Il n’est pas crédible que vous ayez « fait 10 ans d’école » (p.2/18 de votre rapport d’entretien) alors que vous auriez en même-temps, selon vos déclarations, commencé à travailler « quand j’avais 11 ans » (p.5/18 de votre rapport d’entretien). Par ailleurs, il est impossible de se faire une idée claire et précise des différents emplois que vous auriez occupés et au cours de quelle période alors que vous expliquez d’une part que vous auriez commencé à travailler dès vos 11 ans dans un ….. à ….., respectivement dès 2013, et par après dans une …… lorsque vous aviez 15-16 ans, soit en 2017-2018 (p.5/18 de votre rapport d’entretien). Cependant, vous avez également mentionné, à une seule et unique reprise, que vous auriez travaillé dans un ….. (p.6/18 de votre rapport d’entretien) lorsque vous auriez commencé à faire connaissance avec des membres du groupe « mafieux », respectivement avant même d’avoir travaillé dans un …… Or, non seulement vous ne mentionnez plus jamais cet emploi que vous auriez exercé, mais de plus cela ne se chevauche aucunement de manière temporelle sur les informations précitées.

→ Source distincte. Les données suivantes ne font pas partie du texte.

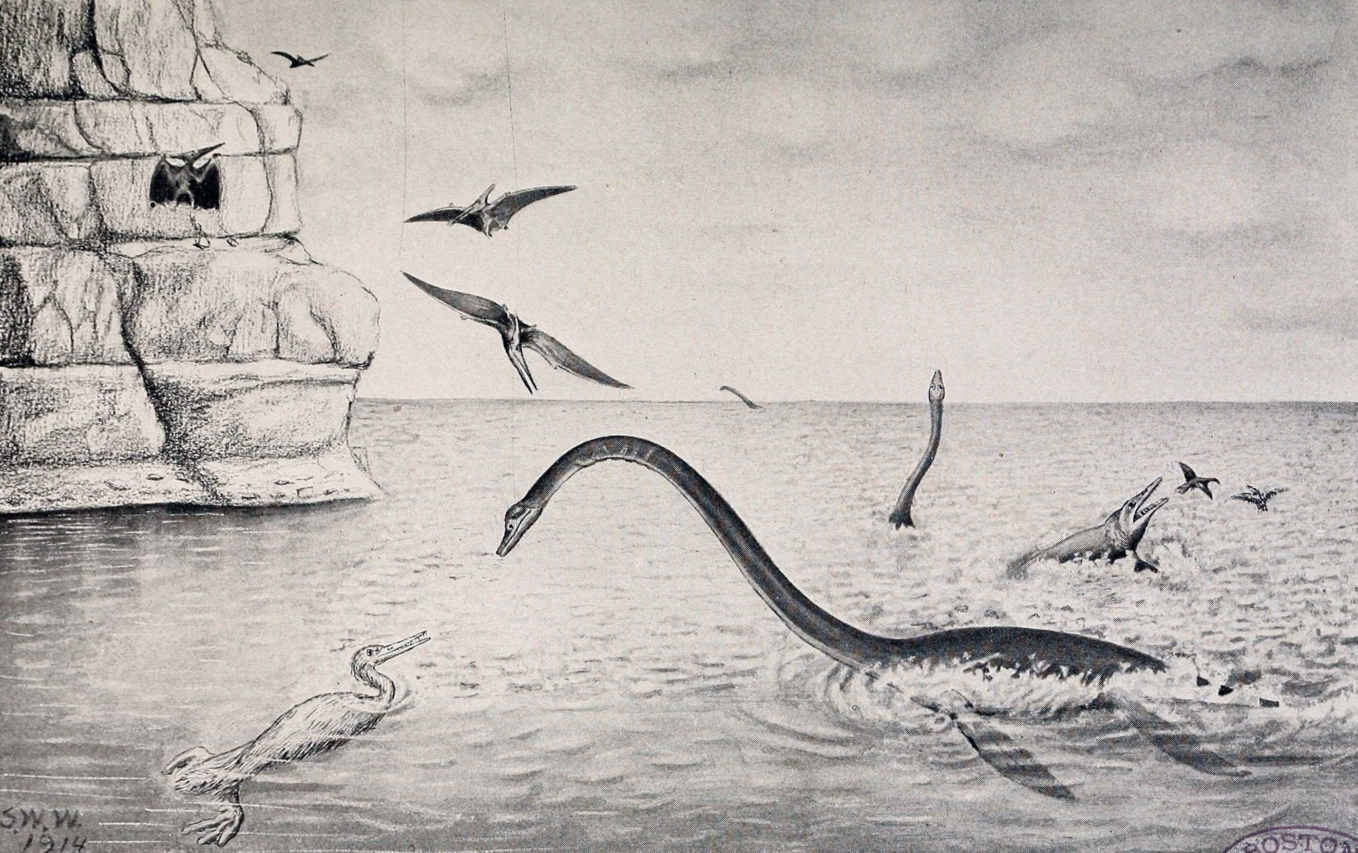 Identifier: waterreptilesofp1914will Title: Water reptiles of the past and present Year: 1914 (1910s) Authors: Williston, Samuel Wendell, 1851-1918 Subjects: Aquatic reptiles Publisher: Chicago, Ill., The University of Chicago Press Text Appearing Before Image: FiG. 32.—Skeleton of Trinacromerum osbomi, a Cretaceous plesiosaur, as mountedin the University of Kansas Museum. chenius Lucasi, the head was two and one-half feet in length, theneck less than two feet, and the body about five; the length of thetail is unknown. Not only was the number of vertebrae so extraordinarilyincreased in many plesiosaurs, but in the longest necks the verte-brae themselves, as in birds, were more or less elongated, especiallythe posterior ones, which may be six or seven times the length ofthe anterior ones. Not only was the neck of such great lengthin many plesiosaurs, but it also tapered very much toward thehead. The vertebrae are always biconcave, but the cavities are shallow,saucer-like, sometimes almost flat at each end, and very differentfrom the conical fish-like cavities of ichthyosaurian vertebrae. SA UROPTERYGIA Text Appearing After Image: 8o WATER REPTILES OF THE PAST AND PRESENT Often the vertebrae are short throughout the vertebral column;sometimes the posterior cervicals and the dorsals are elongatedand very robust. The trunk or body proper was never muchelongated in the plesiosaurs, having only from twenty-five to thirtyvertebrae. The tail was always shorter than the trunk, and ittapered rapidly to the extremity; in some specimens it has beenobserved to turn up slightly near the extremity, as though for thesupport of a small terminal fin. The ribs in the cervical region are short, but so locked togetherposteriorly as not to permit much lateral motion. They are

Tout comme, il n’est pas crédible que votre mère aurait financé votre trajet pour fuir l’Afghanistan alors que vous prétendez en même temps qu’elle n’aurait pas été en mesure de subvenir aux besoins familiaux et que vous auriez été contraint de travailler dès votre plus jeune âge : « Mes parents n’avaient pas d’argent. Ils me demandaient de travailler » (p.13/18 de votre rapport d’entretien).
Enfin, il convient aussi de relever que lorsque l’agent en charge de votre entretien vous 12demande en fin d’entretien si vous avez porté plainte contre les menaces émises par les prêteurs ou « pour d’autres faits que vous avez mentionnés » (p.15/18 de votre rapport d’entretien), vous répondez par la négative alors que l’on est en raisonnablement droit de s’attendre de votre part de rappeler ici que vous seriez allé porter plainte contre (D) et (F). Votre réponse négative pousse donc automatiquement à s’interroger sur la crédibilité de votre visite au poste de police, d’autant plus que vous ne versez aucun document permettant de le prouver.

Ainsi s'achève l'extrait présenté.